§ Stored data:
((

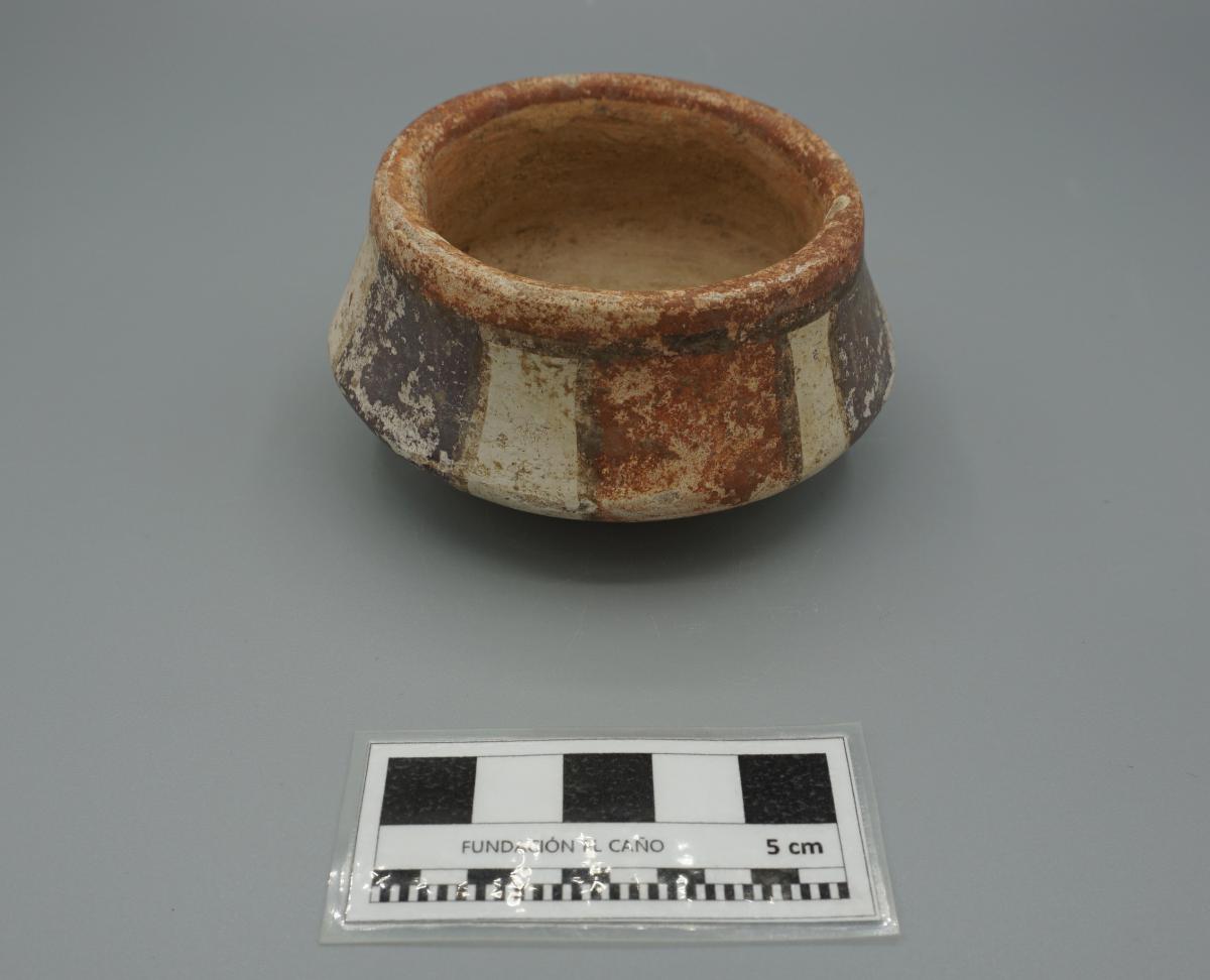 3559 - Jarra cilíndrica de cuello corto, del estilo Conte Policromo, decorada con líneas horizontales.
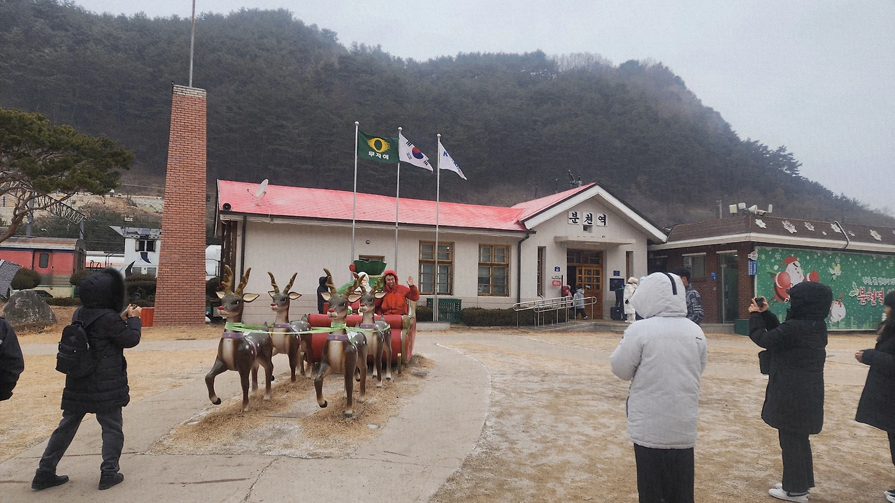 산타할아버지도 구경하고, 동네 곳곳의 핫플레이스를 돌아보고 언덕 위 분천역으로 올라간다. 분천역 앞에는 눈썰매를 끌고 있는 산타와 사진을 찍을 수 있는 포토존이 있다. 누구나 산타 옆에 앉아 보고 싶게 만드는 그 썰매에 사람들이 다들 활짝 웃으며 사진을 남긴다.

))
((

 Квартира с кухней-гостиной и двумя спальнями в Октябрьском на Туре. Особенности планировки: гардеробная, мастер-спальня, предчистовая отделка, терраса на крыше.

))

§ What is needed:
Give back exactly the lines above from the one with "3559 - Jarra" through the one with "산타할아버지도 구경하고, 동네", both included. Pictures don't belong in the copy.

§ Answer:
 3559 - Jarra cilíndrica de cuello corto, del estilo Conte Policromo, decorada con líneas horizontales.
 산타할아버지도 구경하고, 동네 곳곳의 핫플레이스를 돌아보고 언덕 위 분천역으로 올라간다. 분천역 앞에는 눈썰매를 끌고 있는 산타와 사진을 찍을 수 있는 포토존이 있다. 누구나 산타 옆에 앉아 보고 싶게 만드는 그 썰매에 사람들이 다들 활짝 웃으며 사진을 남긴다.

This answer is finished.